- Kartoszyno Location within Poland
- Coordinates: 54°44′17″N 18°5′49″E﻿ / ﻿54.73806°N 18.09694°E
- Country: Poland
- Voivodeship: Pomeranian
- County: Puck
- Gmina: Krokowa

= Kartoszyno =

Kartoszyno is a village in the administrative district of Gmina Krokowa, within Puck County, Pomeranian Voivodeship, in northern Poland.

==History==
Kartoszyno is a former village, the area of which is one of the oldest settlements in Pomerania. On the Castle Hill, at the foot of which the village is located, the remains of a stronghold from the early Middle Ages (8th-9th centuries) were discovered. The first mentions of Kartoszyno date back to 1284. In historical documents, the village appears under the names: Kartoszyn (German: Kartoschin), Karthusin, etc. Initially, the village belonged to the Cistercian order, then to the Benedictine order. In the interwar period, the Polish-German border ran through its vicinity.

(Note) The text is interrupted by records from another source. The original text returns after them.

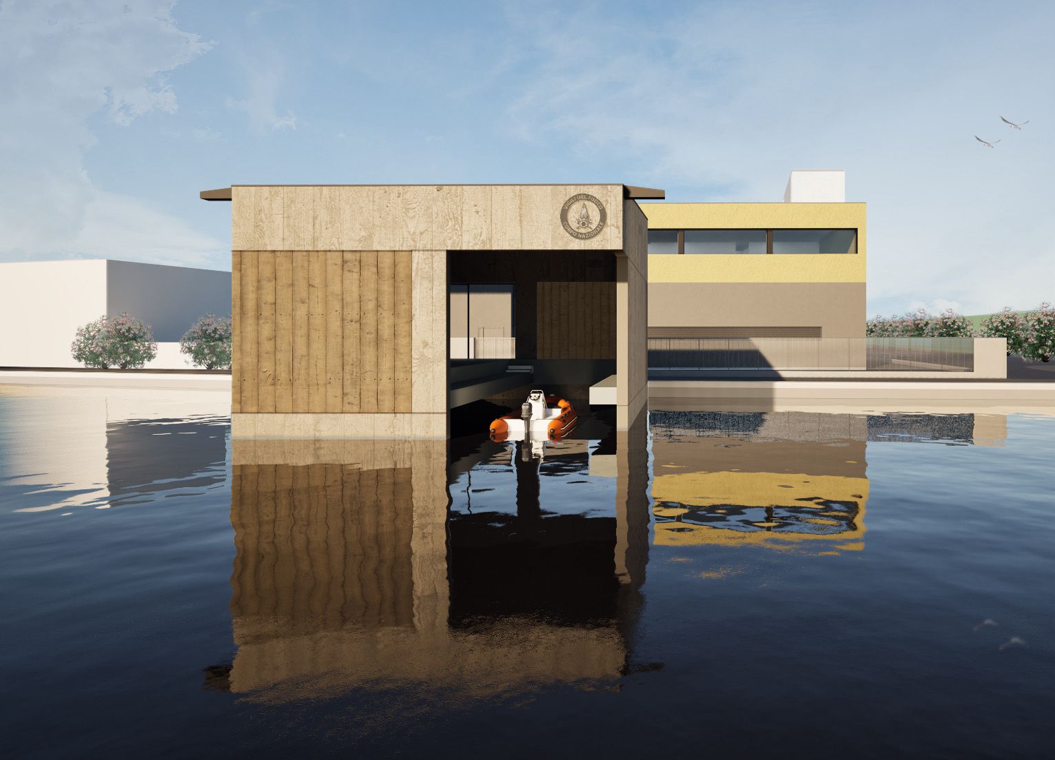 Il nuovo distaccamento dei pompieri sorgerà recuperando l’edificio dell’ex centro minori, oggi inutilizzato, ampliandone gli spazi grazie a una nuova costruzione che raccoglierà la maggior parte delle funzioni operativo-residenziali del corpo. Saranno previsti anche spazi accessori tipici di un distaccamento lagunare, come il castello di manovra per l’addestramento del personale operativo e la cavana per il ricovero delle imbarcazioni di soccorso.
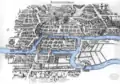 Pic 1: Map of old Konigsberg with rivers and bridges colourised
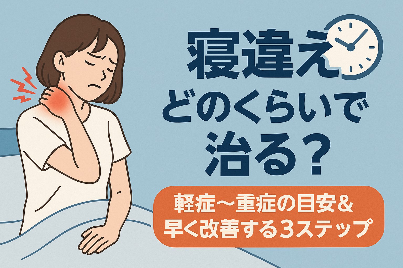 「寝違え どのくらいで治るか」は一概には言えず、**“痛みが取れるまでの時間”よりも、“生活に支障がなくなるまで”**を基準に考えると良いでしょう。

In nearby Nadole, there is an open-air museum, where a 19th-century peasant farmstead from Kartoszyn has been reconstructed.

Since 1982, Kartoszyno has been the site of the construction of the Żarnowiec Nuclear Power Plant. This investment was abandoned in 1990. Some of the then relocated residents were given houses in nearby Odargowo. The fate of families who were forced to leave their homes due to the construction of the power plant was the subject of a documentary film entitled “Ojcowizna” directed by Ireneusz Engler.

The construction zone of the “Żarnowiec Power Plant” gained an electrified railway connection with Wejherowo (in the 1980s, this line was to be part of an electrified connection to the Nuclear Power Plant in Żarnowiec – a prospective extension of the Tri-City SKM network). In recent years, the traction network was completely dismantled and the line itself suspended.

==Present day==
In 1993, the Żarnowiec Economic Zone was established in the area where the power plant was to be built. The aim was to develop the area and make the existing infrastructure available for industrial activity. In 1997, as a result of the merger, the zone adopted the name of the Special Economic Zone Żarnowiec-Tczew. Currently, after subsequent transformations, it is the Pomeranian Special Economic Zone - Żarnowiec Area.

The land and buildings in the Zone, sold to manufacturing and service companies, are already mostly developed. Currently, Kartoszyn is home to several dozen companies operating in various industries - including construction, chemicals, plastics, metal products, IT, fish processing and others. The construction of the Żarnowiec Gas Power Plant was also planned.

The following streets lie in Kartoszyn: Budowlana, Leśna, Okrężna, Prosta, Przemysłowa, Spokojna, Stolarska, Torfowa, Widokowa and Żarnowiecka.